One thing you could do for sure is optimize the code.
For example, the 'mask' function has a variable execution time and uses a lot of instructions to return a value.
In order to test if num is 9, it needs to go trough the whole process of checking whether it's 0, 1, 2, 3,....8 and then finally 9. Since it takes 3-4 instructions to test a number (load literal, subtract literal from number, check if zero flag is set), it means that the routine will take some anywhere between 5 and 40 instructions to return a mask value. In terms of microcontrollers, this is incredibly slow
There's a better way to do the same thing.
For example, let's assume that general purpose registers from 0x30 to 0x39 are free (you choose a range that is unused by your code) and fill it with the mask values corresponding to "num" values 0 - 9 upon startup (one time)
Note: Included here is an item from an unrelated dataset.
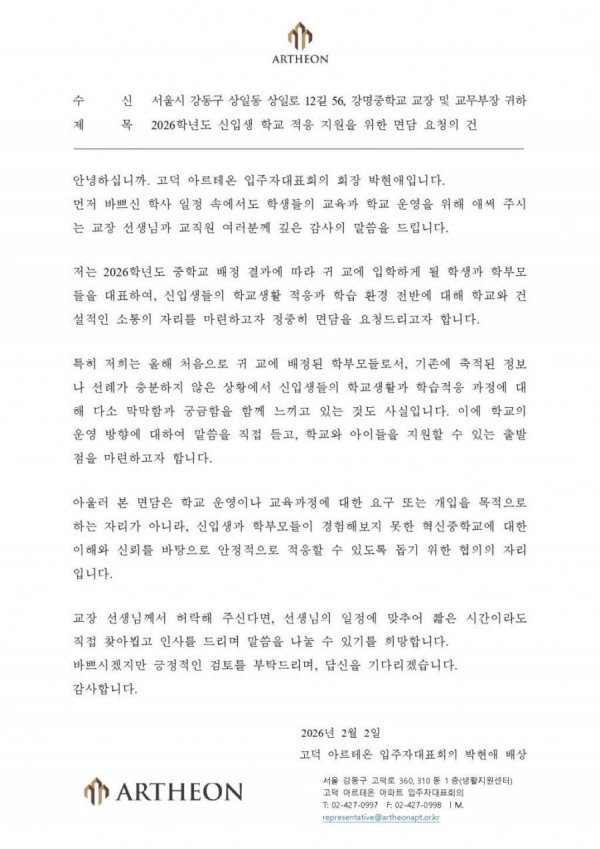 고덕 아르테온 입주민 대표가 학교장 면담 요청 공문 보냄

Then use the indirect addressing function of a PIC microcontroller (address in FSR lets you read contents of the addressed register from INDF) and do the following:
1) Add 0x30 to the 'num' value to get the address of the appropriate mask register
2) Put the address in the FSR register
3) Read the mask value from INDF register
4) Return from subroutine.
This will do the exact same thing as your switch routine, but will ALWAYS take only 3 instructions (not counting the call and return instructions) regardless of whether 'num' is 1 or 9. This pretty simple change in code reduced your execution time five times.
EDIT: If you're low on available general purpose registers, you could use EEPROM memory to permanently store the mask values and read them from there. Reading from EEPROM is just as fast as from a GPR, only writing takes a long time.